Cardiac rehabilitation programs tailored to the needs of women and to their current level of readiness to change may improve adherence to such programs and potentially improve outcomes for women, she said.

The primary goals of the 5-year randomized clinical trial were to compare multiple physiological and psychosocial outcomes of women who participated in a 12-week stage-of-change matched, motivationally enhanced, gender-tailored cardiac rehabilitation program exclusively for women compared to women attending a 12-week traditional cardiac rehabilitation program comprised of education and exercise. Depressive symptoms of 225 women (average age 63) who completed this trial were examined after the interventions as well as after a 6-month follow-up period.

Participants completed the 20-item Center for Epidemiological Studies Depression Scale prior to beginning the intervention, one week after completing the intervention, and again six months later. The questionnaire asked them about how often in the past week they felt depressed, hopeful, lonely, happy and fearful.

Depression scores for the women participating in the traditional cardiac rehab dropped from 16.5 to 14.3 in 12 weeks, while scores in the augmented group dropped from 17.3 to 11.0 - "a significant decline compared to the traditional group," said Beckie.

After a 6-month follow-up, the traditional rehab group had an average score of 15.2 and those in the women-specific program had an average score of 13. Beckie said "we found that improvements in depressive symptoms were sustained at the 6-month follow-up in the augmented group while those in traditional cardiac rehab were essentially unchanged. This intervention also led to significantly better attendance and completion rates than those in the traditional cardiac rehabilitation program."

The intervention was guided by the transtheoretical model of behavior change and was delivered with motivational interviewing clinical methods. The motivationally-enhanced intervention began with an assessment of their stage of motivational readiness to change regarding three behaviors: healthy eating, physical activity, and stress management. The investigators then applied appropriate stage-matched strategies to promote the uptake of health behaviors.
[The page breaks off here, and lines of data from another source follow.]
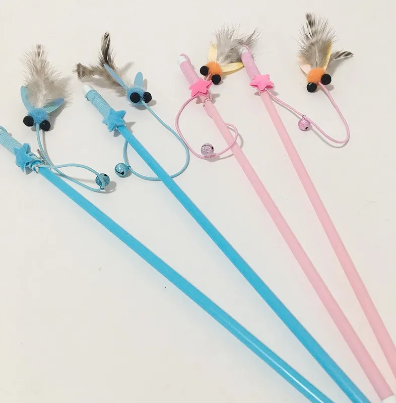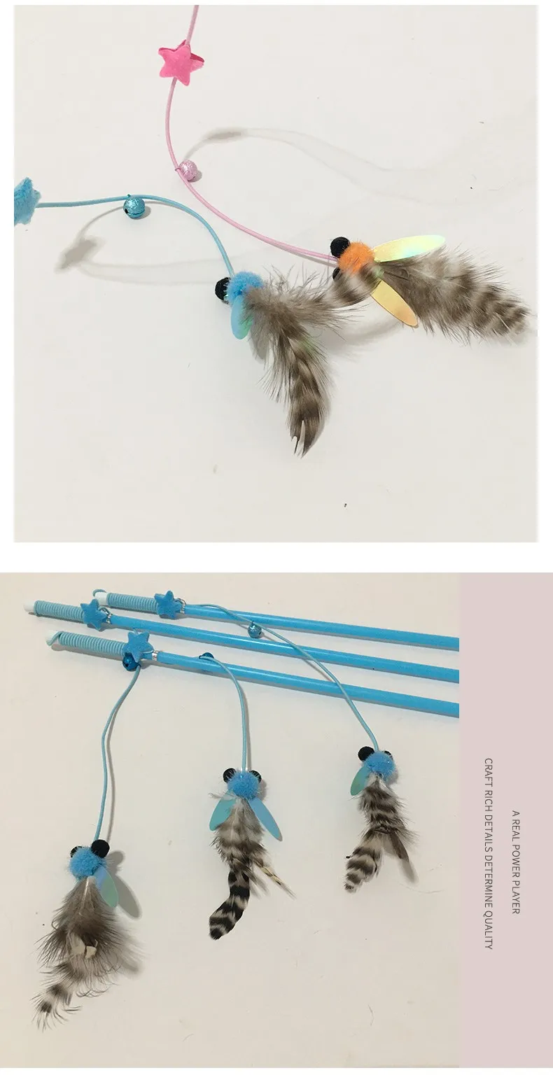 Juguete para gatos con plumas, palo para gatos, juguetes interactivos para insectos y gatos, palos de cuerda elástica, mariposa, gatito, juguete para gatos con campana
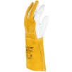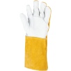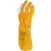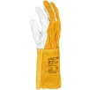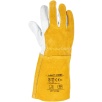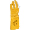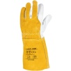 Model charakteryzuje się wysoką odpornością na możliwość zapalenia, poziom odporności 4, co czyni go odpowiednim wyborem do prac spawalniczych. Długość rękawicy wynosząca 35 cm skutecznie chroni dłoń oraz część przedramienia przed odpryskami i iskrami. Zakończenie ściągaczem zapewnia dobre dopasowanie oraz stabilność podczas pracy.
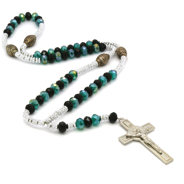 Green/Black Crystal Rosary With Cross Pendant
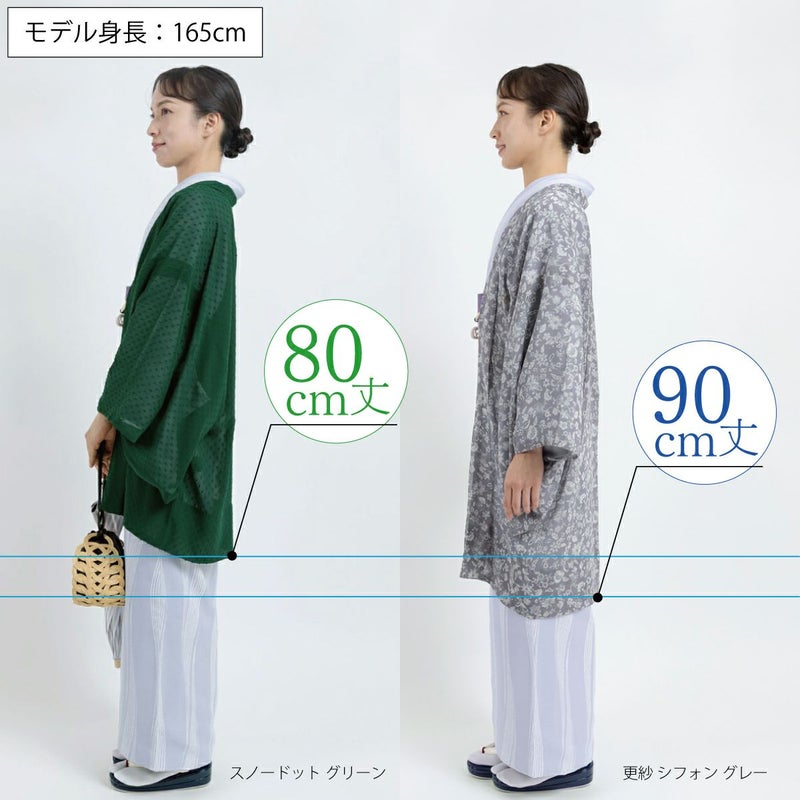 少し短めの80cm丈で、着姿が軽やかな印象に。小柄な方にもおすすめです。
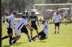 | Al piso. El jugador de Transporte Flavio va con todo el ímpetu. Igual, su equipo perdió 2-1 con Transporte El Diablo Rojo. |
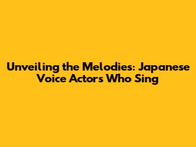 Unveiling The Melodies: Japanese Voice Actors Who Sing
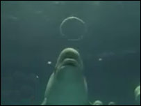 Uma baleia Beluga vem encantando o público japonês com um truque inusitado: ela aprendeu a soprar anéis de ar perfeitamente redondos. Aliya é uma das muitas baleias que atraem o público com seus truques no aquário da cidade de Hamada, no oeste do Japão. Entre as gracinhas das baleias estão dar cambalhotas, passar por dentro de argolas e jogar bola. Mas a grande novidade são os anéis de ar de Aliya, que às vezes são soprados na direção do público. A baleia aprendeu a soprar os anéis em dezembro e nunca mais parou. Primeiro, ela tinha que subir para a superfície para respirar. Agora são os tratadores que fornecem o ar para o truque, com o auxílio de um equipamento de mergulho. Já se sabia que alguns golfinhos e baleias selvagens faziam isso espontaneamente. A expectativa dos tratadores é que agora os outros animais do aquário aprendam com Aliya a fazer os anéis de ar. |
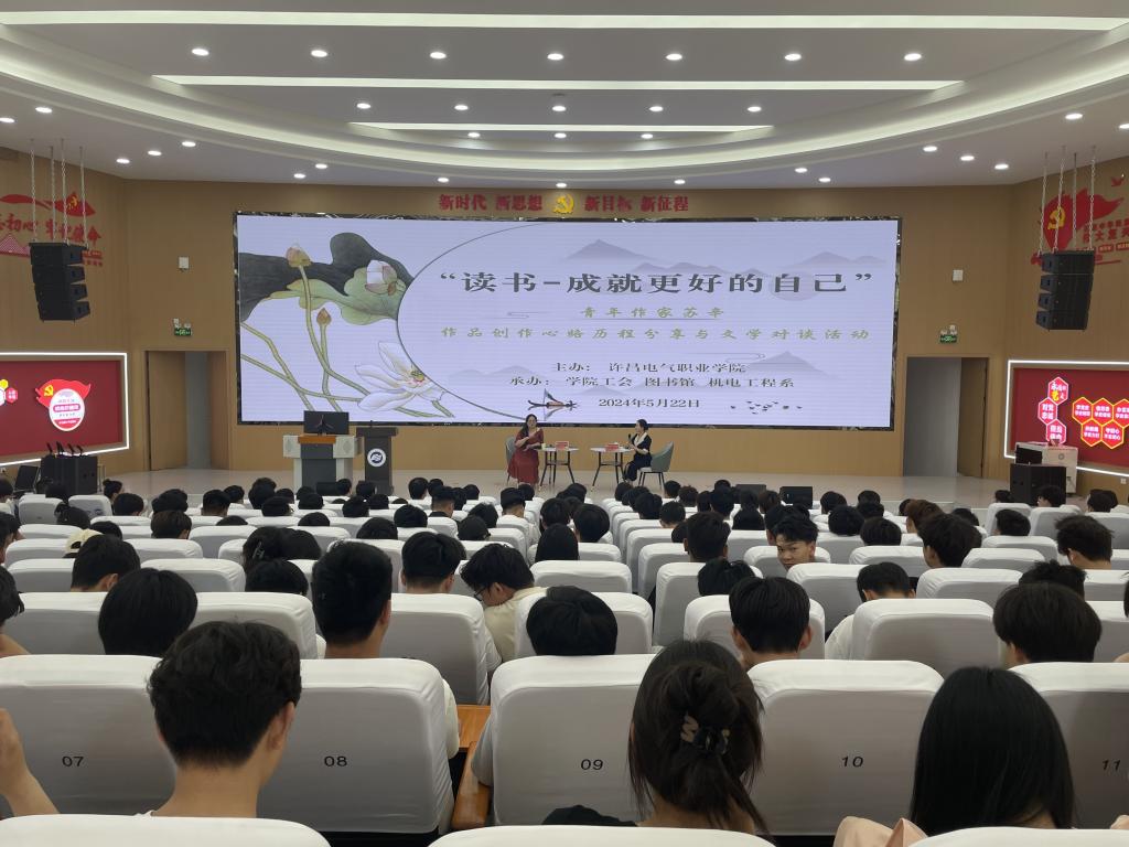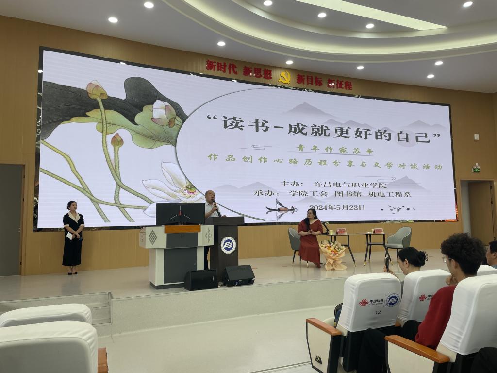 为弘扬尊重知识、崇尚文明的阅读理念,深入推进“全民阅读”活动,激发我院师生阅读兴趣,持续养成爱读书、读好书、善读书的良好习惯,营造良好书香校园文化氛围,5月22日,我院在VR思政教室举办了一场主题为“读书-成就更好的自己”的“暖心”读书会。青年作家苏辛进行作品创作心路历程分享,并展开文学对谈。学院工会、图书馆和机电工程系师生代表齐聚一堂,共同聆听这场读书盛宴。

"The stage-matched intervention used in conjunction with motivational interviewing applied the patient-centered principles of expressing empathy, rolling with resistance to change, respecting patient autonomy and supporting self-efficacy for change" Beckie said.

"We didn't push them if they weren't ready to make the changes," Beckie said. "We have found that if some patients receive long lists of behaviors they are expected to change immediately - such as quitting smoking, eating healthier, exercising regularly - they are overwhelmed. Pushing such patients who are not ready can lead them to tune out or drop out. Instead, for these women, we acknowledged their ambivalence about change and gave them strategies to move toward being ready by reinforcing their own motivations for changing. It's unrealistic to expect all patients to change their lifestyle all at once, right now in front of you."

The woman-centered program is a more individualized approach to rehabilitation.

"You can't treat everyone the same when it comes to changing health behaviors," she said. Beckie hopes these results will lead to symptoms of depression being assessed more often in women suffering from heart disease and to more motivationally augmented, women-specific rehabilitation options. The participants may not be completely representative of the national population because they all had health insurance.

Beckie's co-author is Jason Beckstead, Ph.D. Author disclosures are on the abstract.

he National Institute of Nursing Research funded the 5-year study.